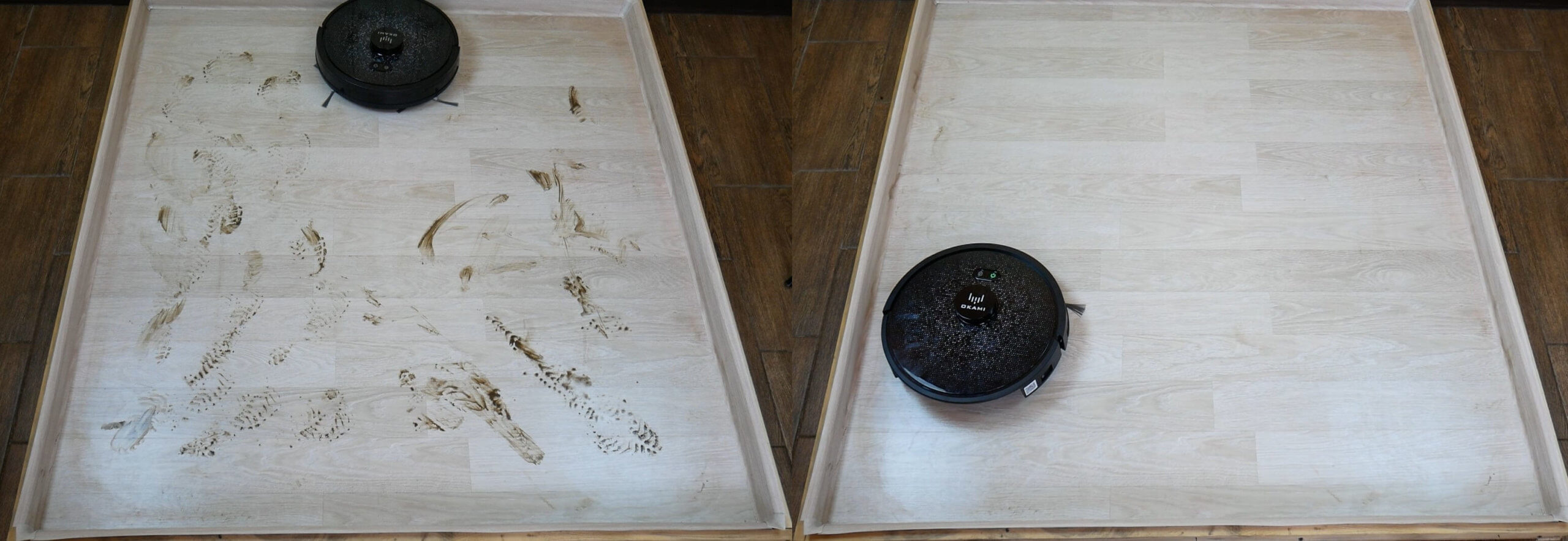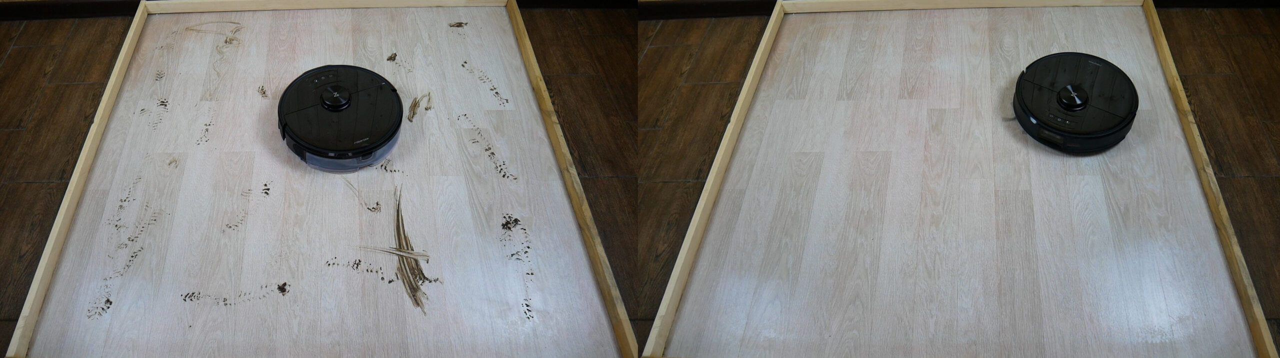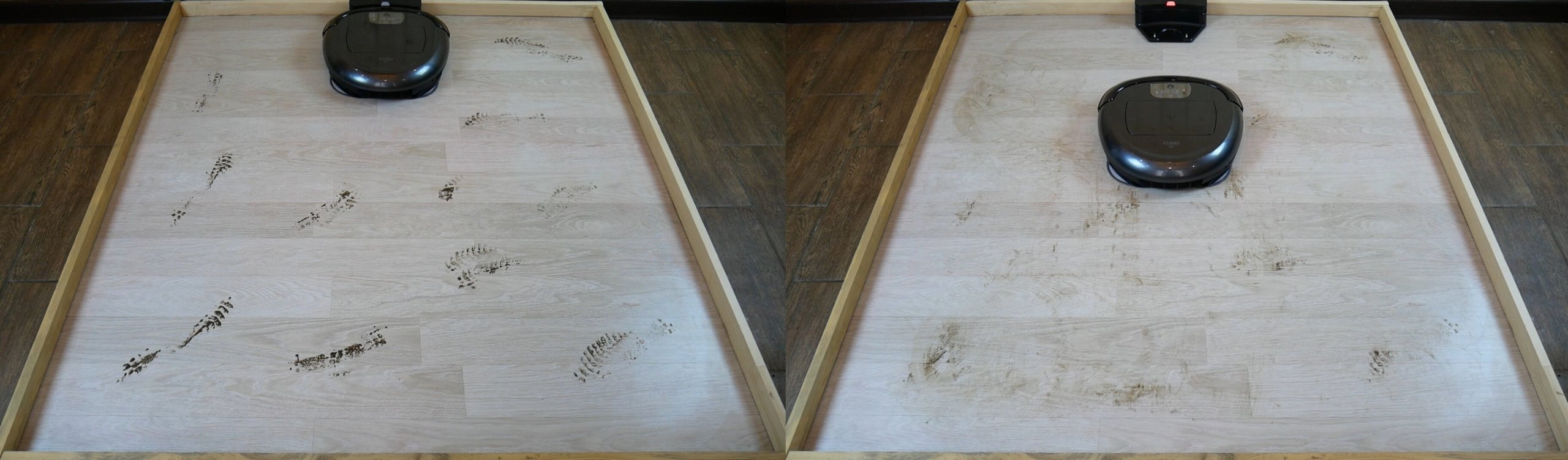 Batų purvu nudažėme laminato stovą, kad pamatytume, kaip robotai susidoroja su sunkiai įveikiamomis dėmėmis.
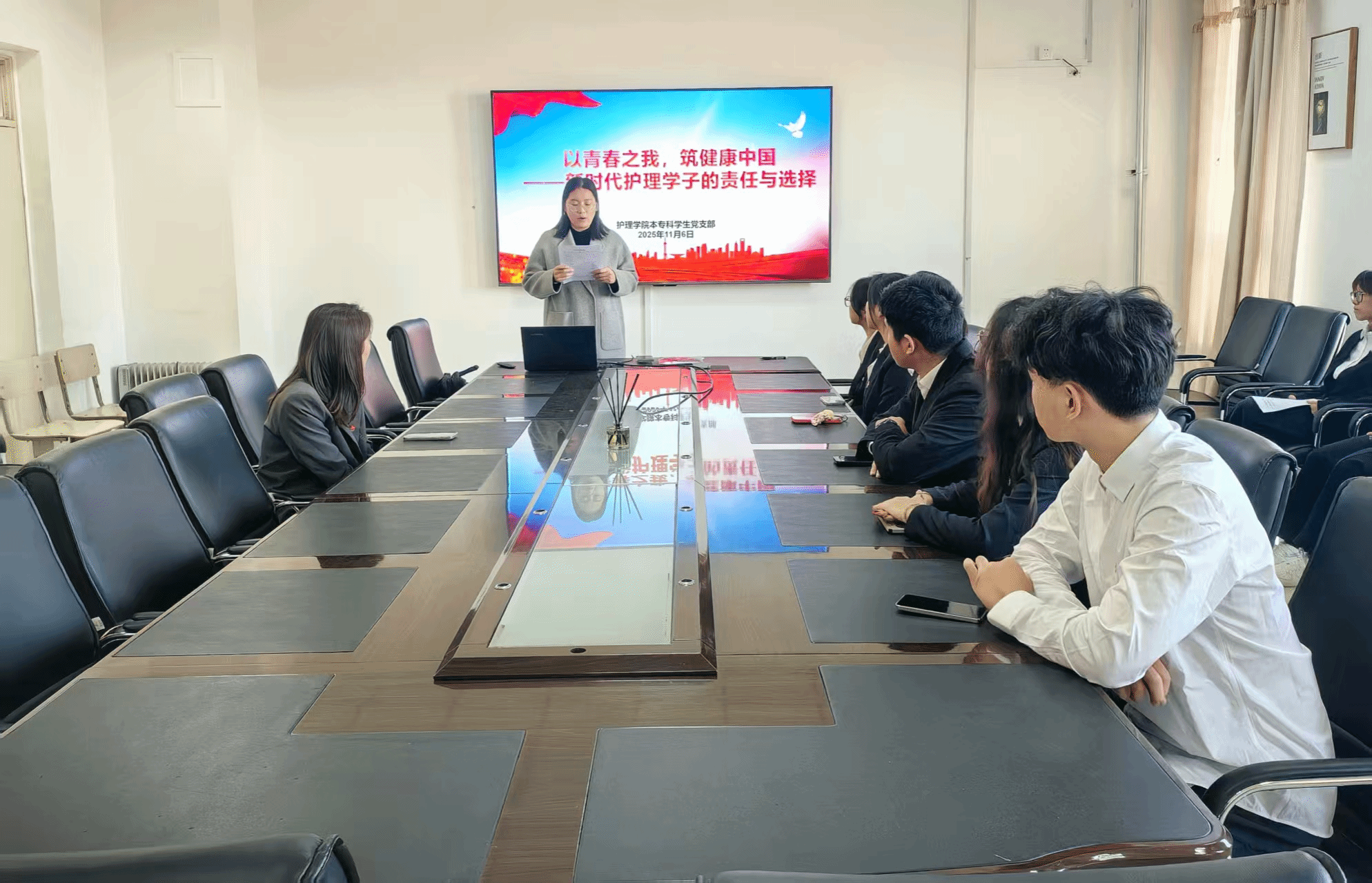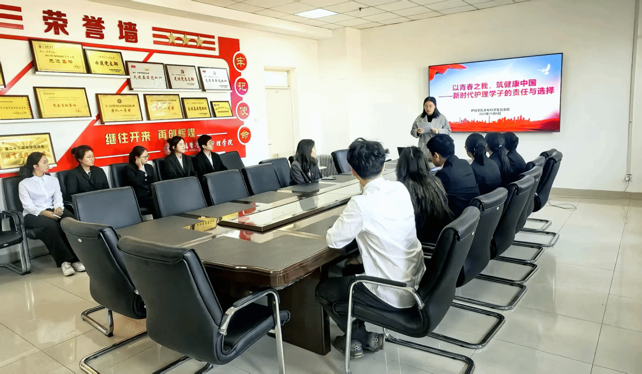本专科学生党支部成功举办“以青春之我,筑健康中国”主题党课暨考研深造动员交流会。为深入学习贯彻党和国家关于卫生健康事业的战略部署,引导护理学子深刻认识时代使命,明确职业发展方向,激发投身“健康中国”建设的责任感和内生动力。
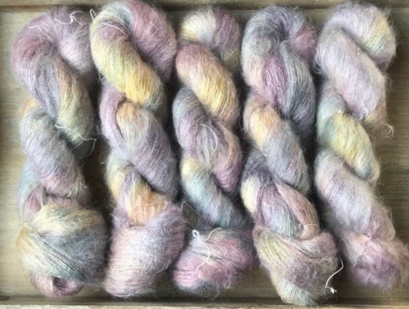 Mohair Halo Base: A delicate, lace weight yarn made up of 72% Superkid Mohair and 28% Mulberry Silk. Each skein is 50 grams and 460 yards, single ply construction. This yarn is lovely on it’s own, but is also amazing when held together with another yarn base. The fuzziness of the mohair creates a halo of colour within your project. Fibres in this base are sourced from South Africa. Hand wash only, lay flat to dry.
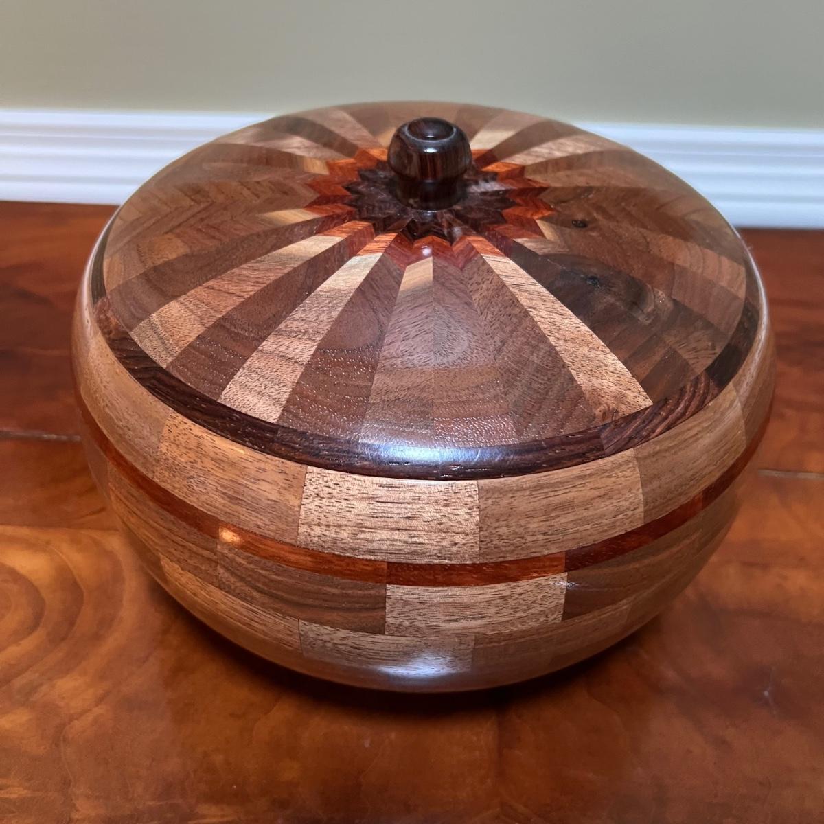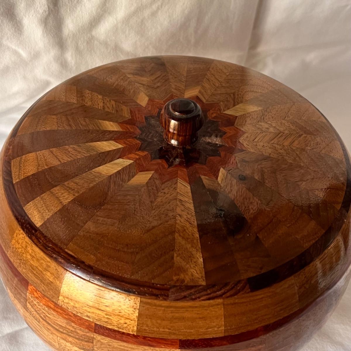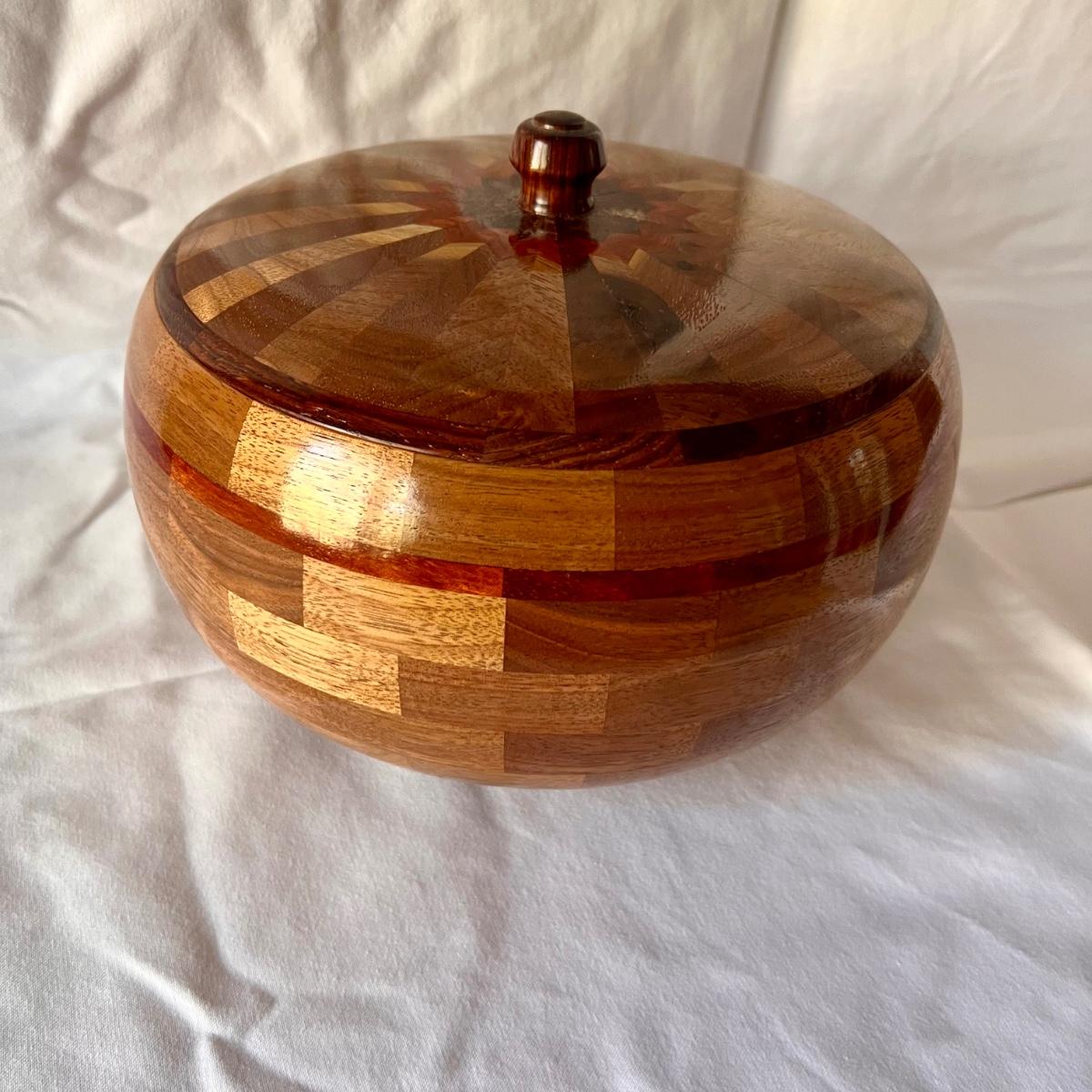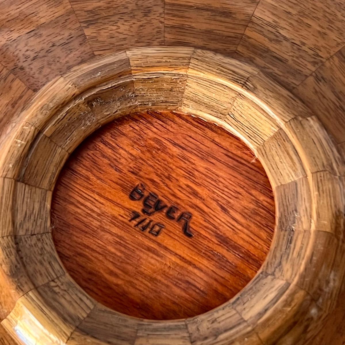 This exquisite lidded wood bowl was made by Dave Beyer. Accompanying paperwork states it is comprised of 210 pieces of walnut, bloodwood and cocobola. Signed on the base.
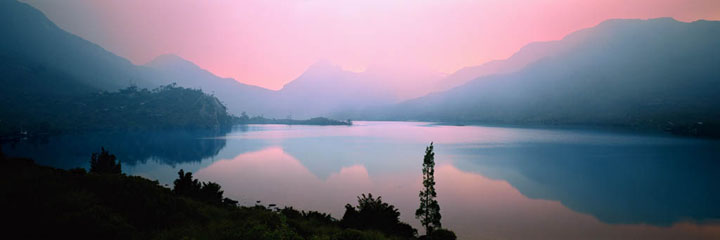 Nestled at the base of Cradle Mountain in the Tasmanian wilderness, Lake Dove glows under the pinkish haze of smoke from nearby bushfires.
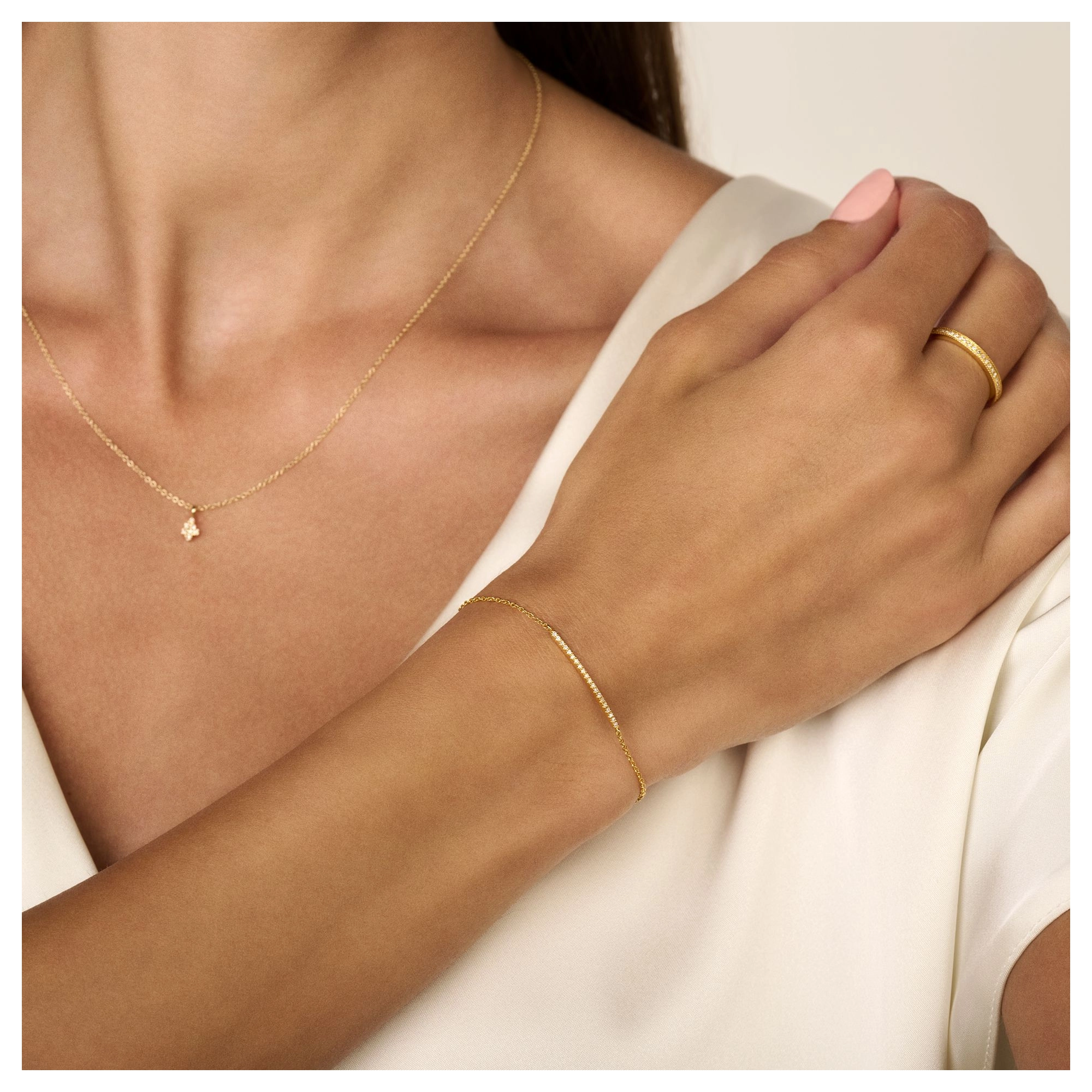 A supreme and pure style to match your everyday adventures. 20x white diamonds in a 14 carat gold setting on a classic chain bracelet, the kind of excellence you deserve.
************
Task to carry out
The records above are to be duplicated exactly, pictures left out.

Solution for this problem
 Batų purvu nudažėme laminato stovą, kad pamatytume, kaip robotai susidoroja su sunkiai įveikiamomis dėmėmis.
本专科学生党支部成功举办“以青春之我,筑健康中国”主题党课暨考研深造动员交流会。为深入学习贯彻党和国家关于卫生健康事业的战略部署,引导护理学子深刻认识时代使命,明确职业发展方向,激发投身“健康中国”建设的责任感和内生动力。
 Mohair Halo Base: A delicate, lace weight yarn made up of 72% Superkid Mohair and 28% Mulberry Silk. Each skein is 50 grams and 460 yards, single ply construction. This yarn is lovely on it’s own, but is also amazing when held together with another yarn base. The fuzziness of the mohair creates a halo of colour within your project. Fibres in this base are sourced from South Africa. Hand wash only, lay flat to dry.
 This exquisite lidded wood bowl was made by Dave Beyer. Accompanying paperwork states it is comprised of 210 pieces of walnut, bloodwood and cocobola. Signed on the base.
 Nestled at the base of Cradle Mountain in the Tasmanian wilderness, Lake Dove glows under the pinkish haze of smoke from nearby bushfires.
 A supreme and pure style to match your everyday adventures. 20x white diamonds in a 14 carat gold setting on a classic chain bracelet, the kind of excellence you deserve.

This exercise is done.